Believe it or not, NVIDIA launched its first SHIELD TV in 2015, marking nearly a decade of continuous support for the platform. In an interview with Ars Technica, Andrew Bell, NVIDIA’s senior VP of hardware engineering, reassured the company’s loyal fan base that they have no plans to abandon the SHIELD TV anytime soon, promising ongoing updates in the years to come. Bell expressed frustration with the limited updates typically provided for phones and tablets, saying, “Early on when we were building SHIELD TV, we decided we were going to support it for a long time.” He recalled a conversation with CEO Jensen Huang about the duration of support, to which Huang responded, “For as long as we shall live.”
As NVIDIA enters the second decade of supporting the SHIELD TV, they continue to produce the 2019 version, featuring the NVIDIA Tegra X1+ processor, 3 GB of RAM, and 16 GB of storage. There was once talk within the gaming community and among NVIDIA engineers about venturing into making a gaming console. “Pretty much everybody who worked at NVIDIA in the early days really wanted to make a game console,” Bell confirmed. However, the complexity of building a console, which requires not just a GPU but also a CPU, an OS, games, and a user interface, deterred the company from pursuing this path.

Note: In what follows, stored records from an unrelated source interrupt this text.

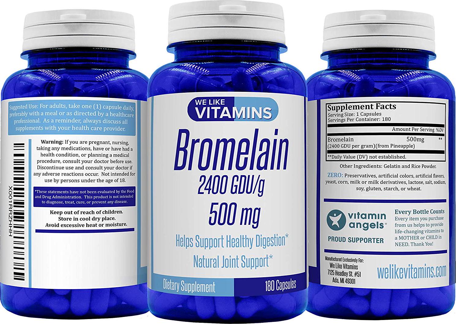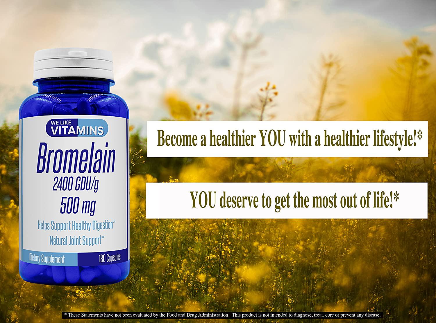 - HIGH QUALITY BROMELAIN - Our Bromelain supplement is free of preservatives and artificial ingredients. All of our products are encapsulated and bottled in the USA with ingredients sourced from around the world. Using Bromelain Capsules from We Like Vitamins is a great start to a healthier lifestyle. *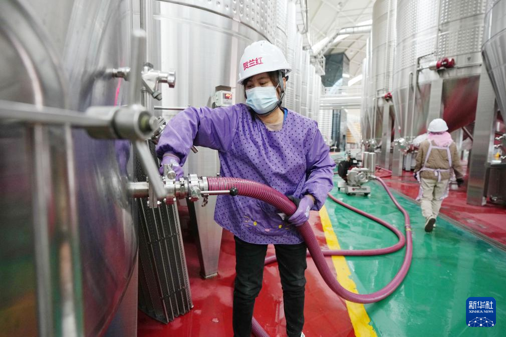 工作人員在銀川市永寧縣閩寧鎮的賀蘭紅酒莊輸送葡萄汁(10月14日攝)。新華社記者 楊植森 攝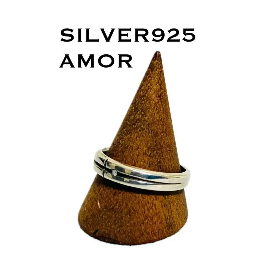 AMOR 실버 925 반지 지르코니아 크리스탈 심플한 디자인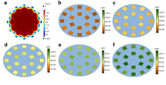 图3(a)传感器阵列上方模拟浓度分布(2s),(b)-(f)传感器阵列上方实际水蒸气浓度分布。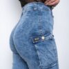 310 I JEAN MULTICARGO AZUL LAVADO DESFLECADO EN BOTA TIRO ALTO TALLES 36 AL 46 EXITO JEANS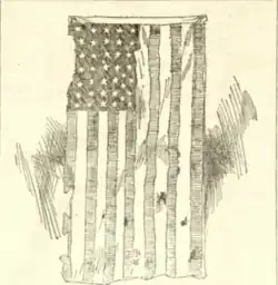Anderson's actions in defense of Fort Sumter made him an immediate national hero.[5] He was promoted to brigadier general in the Regular Army, effective May 15. Anderson took the fort's 33-star flag with him to New York City, where he participated in a Union Square patriotic rally that was the largest public gathering in North America until then.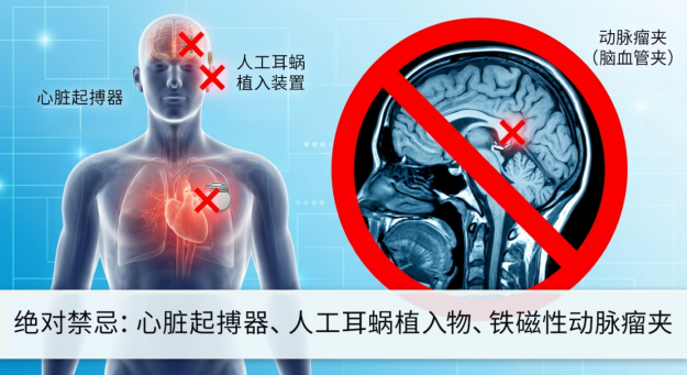 MRI设备的磁场强度非常高,1.5T设备的磁场强度约为地球磁场的3万倍,3T设备达到6万倍,铁磁性物品会被强烈吸引产生“导弹效应”,造成人身伤害和设备损坏,所以MRI检查有严格的禁忌症和安检要求。体内有心脏起搏器、人工耳蜗、铁磁性动脉瘤夹、眼内铁磁性异物,以及植入某些早期铁磁性金属植入物的人严禁做MRI检查。进入扫描室前,首饰、带金属配件的衣物、钢圈内衣、手机、钥匙、假牙、助听器、含金属丝的假发等必须去除;含金属微粒的化妆品需要卸妆;文身因为颜料可能含有金属,需提前告知医生。妊娠早期一般不建议检查,妊娠期避免使用钆对比剂;幽闭恐惧症患者可以预约开放式设备、使用抗焦虑药物、佩戴耳塞等方式缓解,部分医院允许家属陪同;严重肾功能不全者避免做增强MRI,防止引发肾源性系统性纤维化;体内有金属植入物的人,需要确认材质(现代钛合金骨科内固定物大多可以进行检查),并向医生提供相关资料;推车、拐杖等大型金属物品,严禁进入磁体间。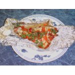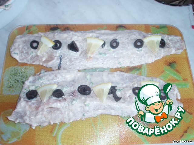 После берем замаринованное филе (ЕСЛИ ОНО БОЛЬШОЕ, ТО МОЖНО РАЗРЕЗАТЬ его по длине пополам), выкладываем сверху маслинки и кусочки лимона.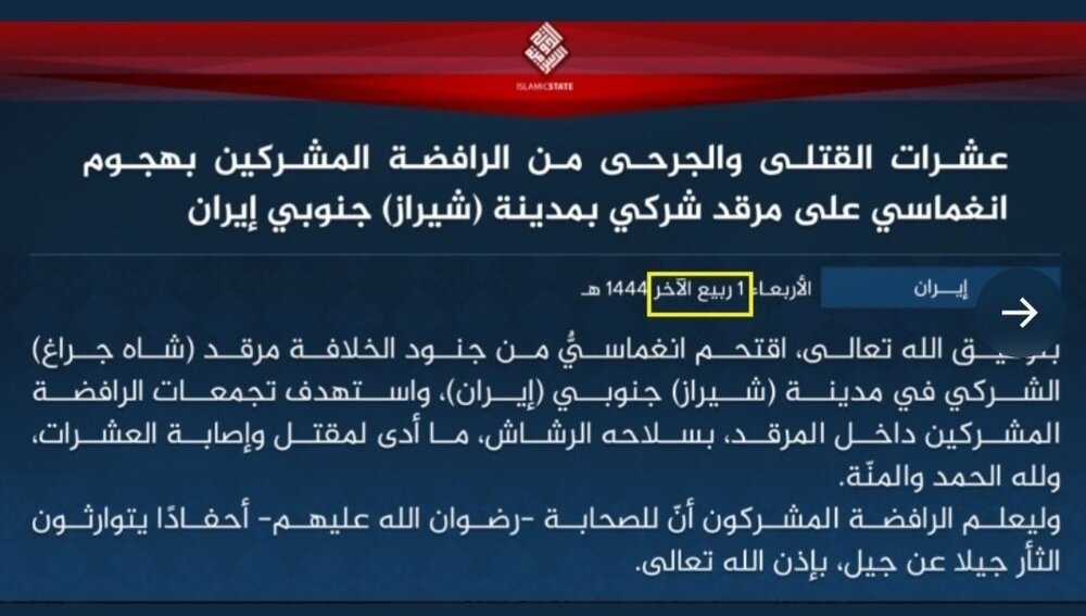 _ از شبهات دیگری که بدان استناد شده، پیام مجعول دیگریست مبنی بر اینکه "سربازان خلافت همزمان با چهلمین روز قتل مهسا امینی و در راستای گرفتن انتقام مظلومینی که توسط حکومت رافضیها در اعتراضات به این قتل کشته شدند، بوده است". مطلبی که در ارگان اصلی داعش النباء نیامده.

Interestingly, when NVIDIA was a smaller company, engineers initially built the SHIELD for themselves. “Selfishly, a little bit, we built SHIELD for ourselves,” Bell admitted to Ars Technica. They wanted a high-quality, high-performance TV streamer outside of the Apple ecosystem. After creating some prototypes and getting excited about the potential, CEO Jensen Huang suggested, “Why don’t we bring it out and sell it to people?” Sales of the NVIDIA SHIELD TV have remained consistent over the past decade, continuing to sell as strongly as they did during its launch week.